Tsunami relief: Challenge to USA

OK, America, here's a challenge from your Aussie cousins. Australia has just pledged one billion dollars to tsunami relief in SE Asia, and more than $100 has been donated privately. Australia has one-seventeenth the population of the USA, whose government has, in response to foreign and domestic outrage, upped its offer to $450 million. Less than half the salary of the CEO of any US corporation such as Disney.

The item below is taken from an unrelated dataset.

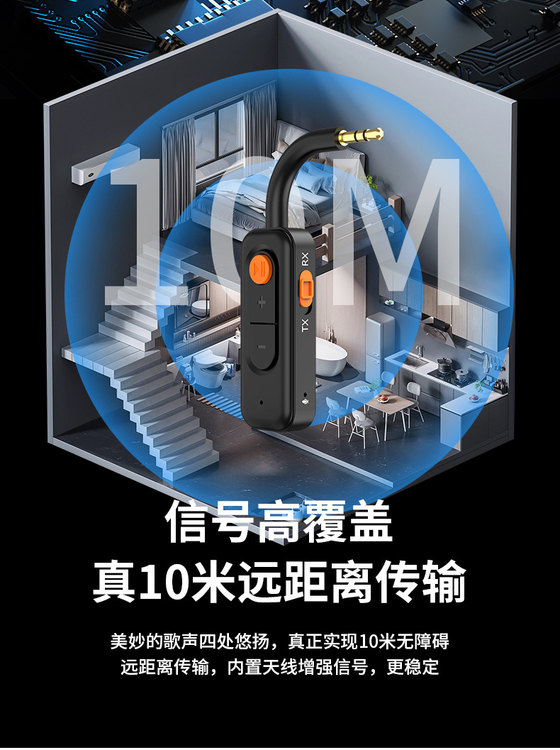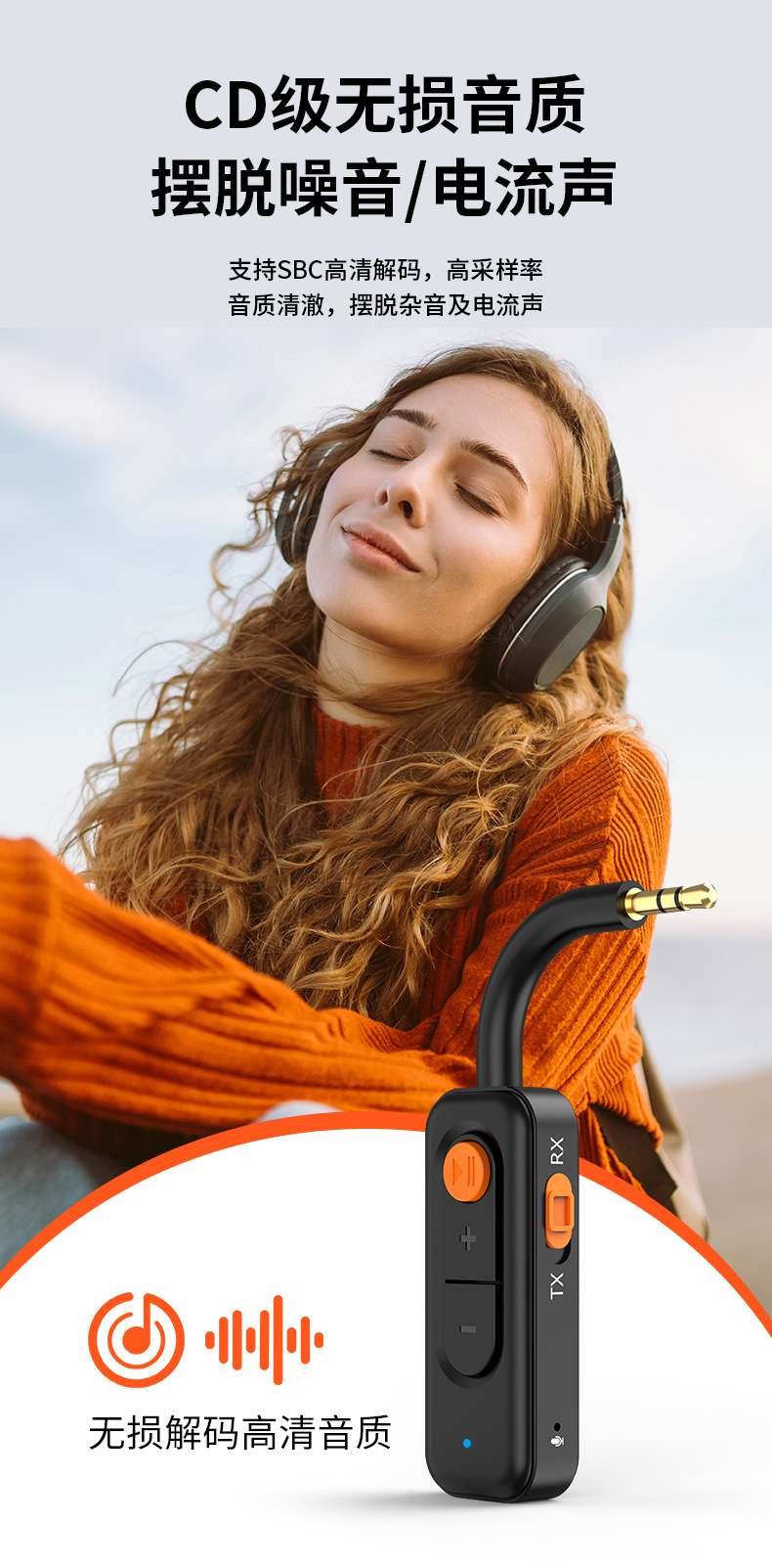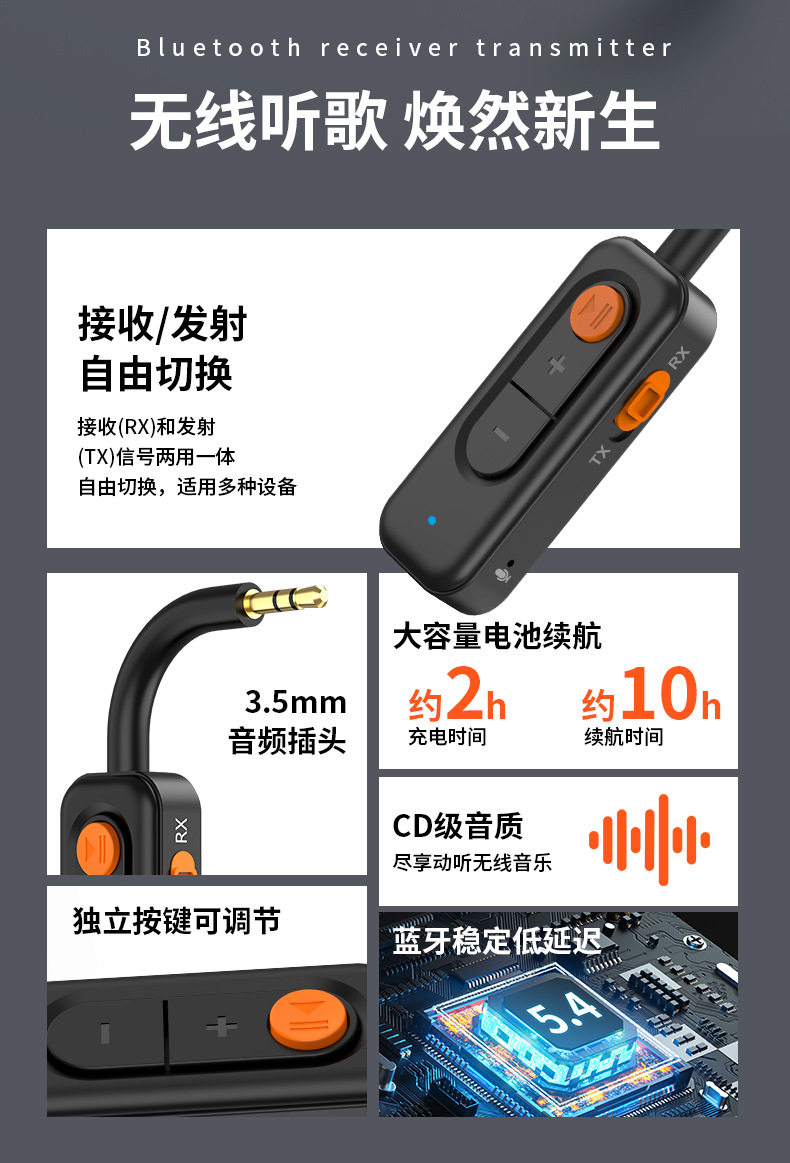 Bluetooth адаптер 5.4, приемник и передатчик 2 в 1, поддержка одного подключения и двух устройств, подходит для домашнего аудио и автомобилей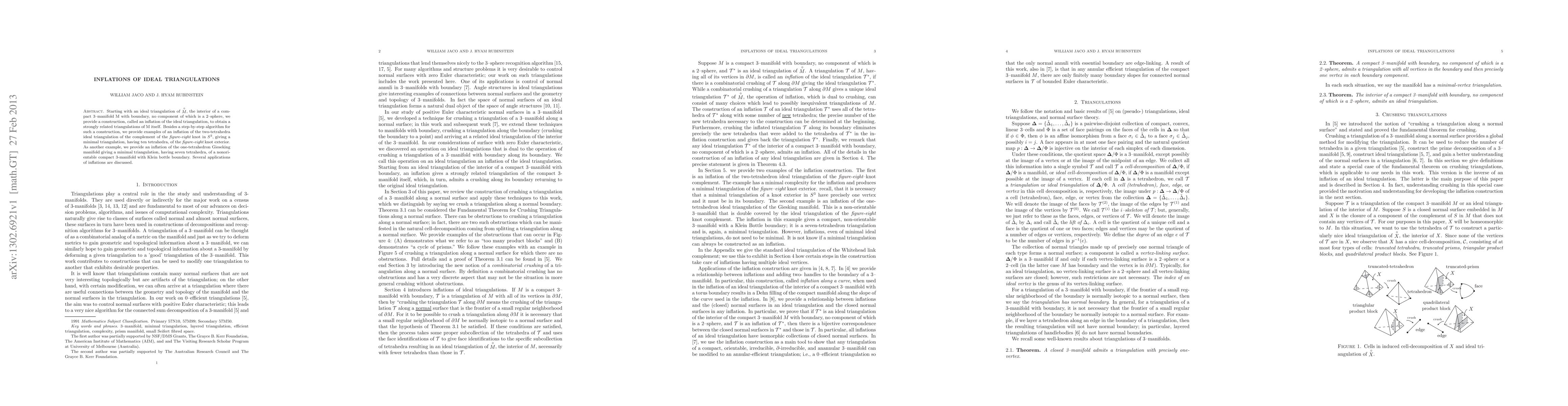 Starting with an ideal triangulation of the interior of a compact 3-manifold M with boundary, no component of which is a 2-sphere, we provide a construction, called an inflation of the ideal triangulation, to obtain a strongly related triangulations of M itself. Besides a step-by-step algorithm for such a construction, we provide examples of an inflation of the two-tetrahedra ideal triangulation of the complement of the figure-eight knot in the 3-sphere, giving a minimal triangulation, having ten tetrahedra, of the figure-eight knot exterior. As another example, we provide an inflation of the one-tetrahedron Gieseking manifold giving a minimal triangulation, having seven tetrahedra, of a nonorientable compact 3-manifold with Klein bottle boundary. Several applications of inflations are discussed.

Now, even though US and Australian money will all end up being tied aid (ie, Western corporations will get the contracts, impose the rules, and superimpose inappropriate modes of agriculture and industry, etc), the money is urgently needed in the short term for people without food, water and shelter. So, how about it, Messrs Bush, Rumsfeld and Bowell? We'd all love to see the US match Australia with a pledge of $17 billion, which is the cost of two months illegal occupation of Iraq alone.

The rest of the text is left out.